WHAT IS NEEDED
The records below need to be repeated exactly, though not their pictures.

++++ RECORDS PROVIDED ++++

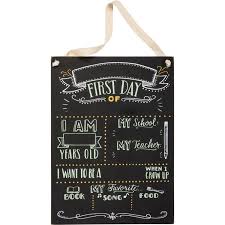 A milestone chalkboard from our Baby & Kids Collection to document your child's first day of school! Features "Name," "My First Day Of," "I Am ___ Years Old," "My School," "My Teacher," "I Want To Be A ___ When I Grow Up," "My Favorite: Book," "Song," and "Food" sections with varying designs. This First Day of School sign contains top fabric loop for easy hanging and is great for gifting. Created with non-toxic paint, our First Day of School sign is designed to capture memories year after year.
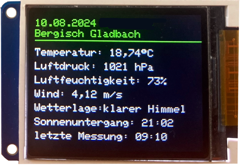 Wetterdaten von Openweather mit der API 3.0 auf einem TFT anzeigen
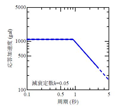 この時、耐震標準では“建設地点およびその周辺に活断層が知られてない場合においても、伏在断層による地震が直下で発生する可能性に配慮するものとする。この伏在断層による地震動をL2地震動の下限値として設定するものとする。”とあり、強震動予測手法による地震動を下限地震動と比較を行う必要があります。しかしながら、耐震標準では下限地震動の弾性加速度応答スペクトルが規定されている(図1)ものの,時刻歴波形やその他の情報は明記していませんでした。そこで、スペクトルI、スペクトルIIと同様の手順によって下限地震動を用いた耐震設計が可能となるように、時刻歴波形、地表面地震動等を作成しました。
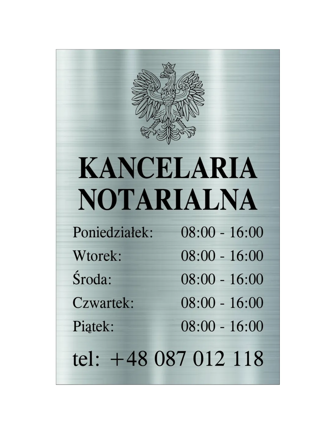 Tabliczka Grawerowana Kancelaria Notarialna godziny otwarcia srebrna 30x20 cm
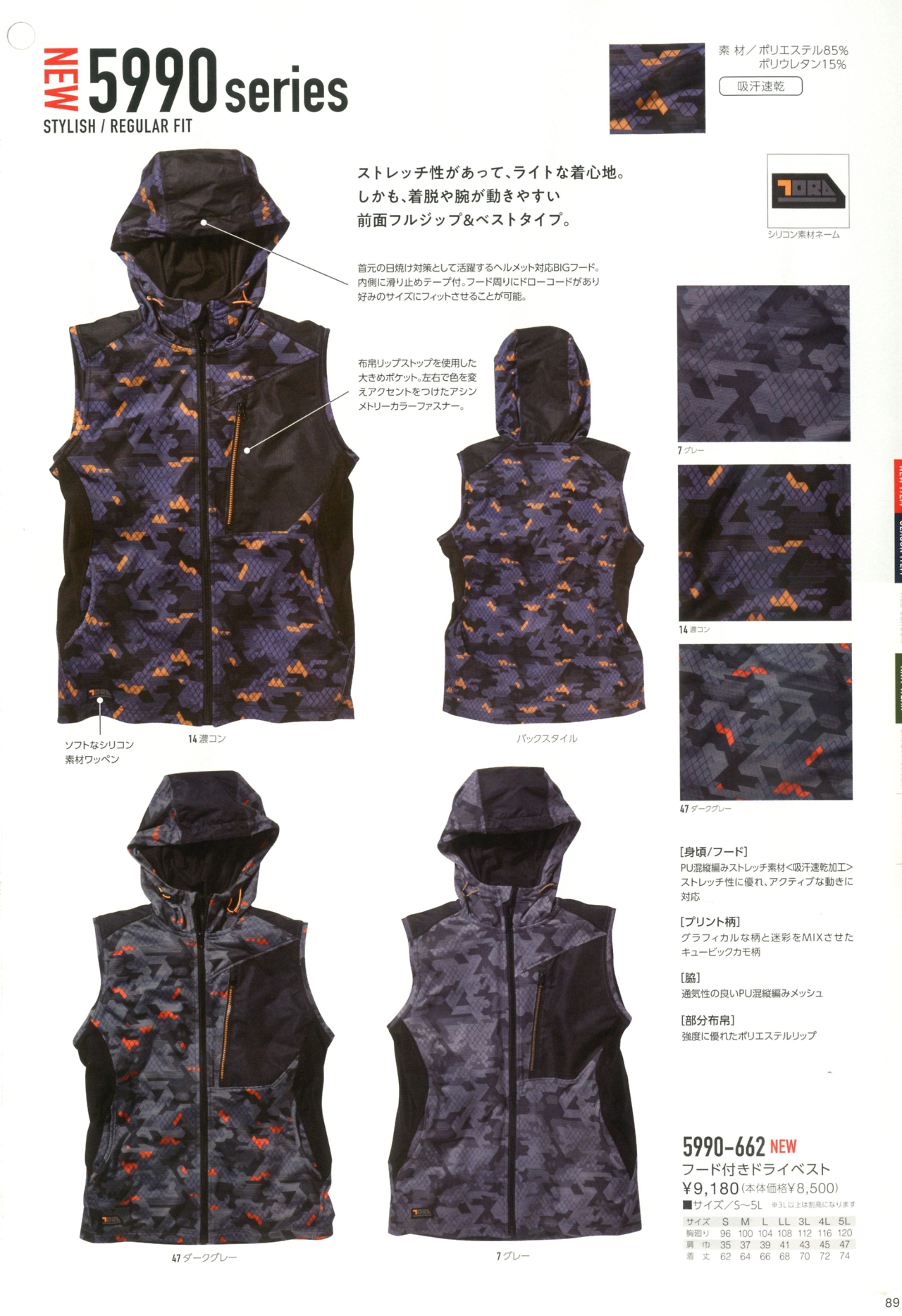 フード付きドライベスト 5990-662
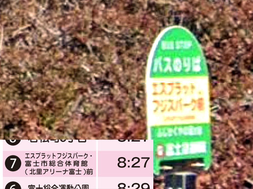 現地のバス停標には「エスプラットフジスパーク前」としか書かれていないようです。エスプラットフジスパークはホテル併設の複合型スポーツ施設とのこと。富士市には比較的長い名前のバス停が多いです。乗換案内のNavitimeは省略形で掲載しています。 |

++++

SOLUTION TO THIS TASK
 A milestone chalkboard from our Baby & Kids Collection to document your child's first day of school! Features "Name," "My First Day Of," "I Am ___ Years Old," "My School," "My Teacher," "I Want To Be A ___ When I Grow Up," "My Favorite: Book," "Song," and "Food" sections with varying designs. This First Day of School sign contains top fabric loop for easy hanging and is great for gifting. Created with non-toxic paint, our First Day of School sign is designed to capture memories year after year.
 Wetterdaten von Openweather mit der API 3.0 auf einem TFT anzeigen
 この時、耐震標準では“建設地点およびその周辺に活断層が知られてない場合においても、伏在断層による地震が直下で発生する可能性に配慮するものとする。この伏在断層による地震動をL2地震動の下限値として設定するものとする。”とあり、強震動予測手法による地震動を下限地震動と比較を行う必要があります。しかしながら、耐震標準では下限地震動の弾性加速度応答スペクトルが規定されている(図1)ものの,時刻歴波形やその他の情報は明記していませんでした。そこで、スペクトルI、スペクトルIIと同様の手順によって下限地震動を用いた耐震設計が可能となるように、時刻歴波形、地表面地震動等を作成しました。
 Tabliczka Grawerowana Kancelaria Notarialna godziny otwarcia srebrna 30x20 cm
 フード付きドライベスト 5990-662
 現地のバス停標には「エスプラットフジスパーク前」としか書かれていないようです。エスプラットフジスパークはホテル併設の複合型スポーツ施設とのこと。富士市には比較的長い名前のバス停が多いです。乗換案内のNavitimeは省略形で掲載しています。 |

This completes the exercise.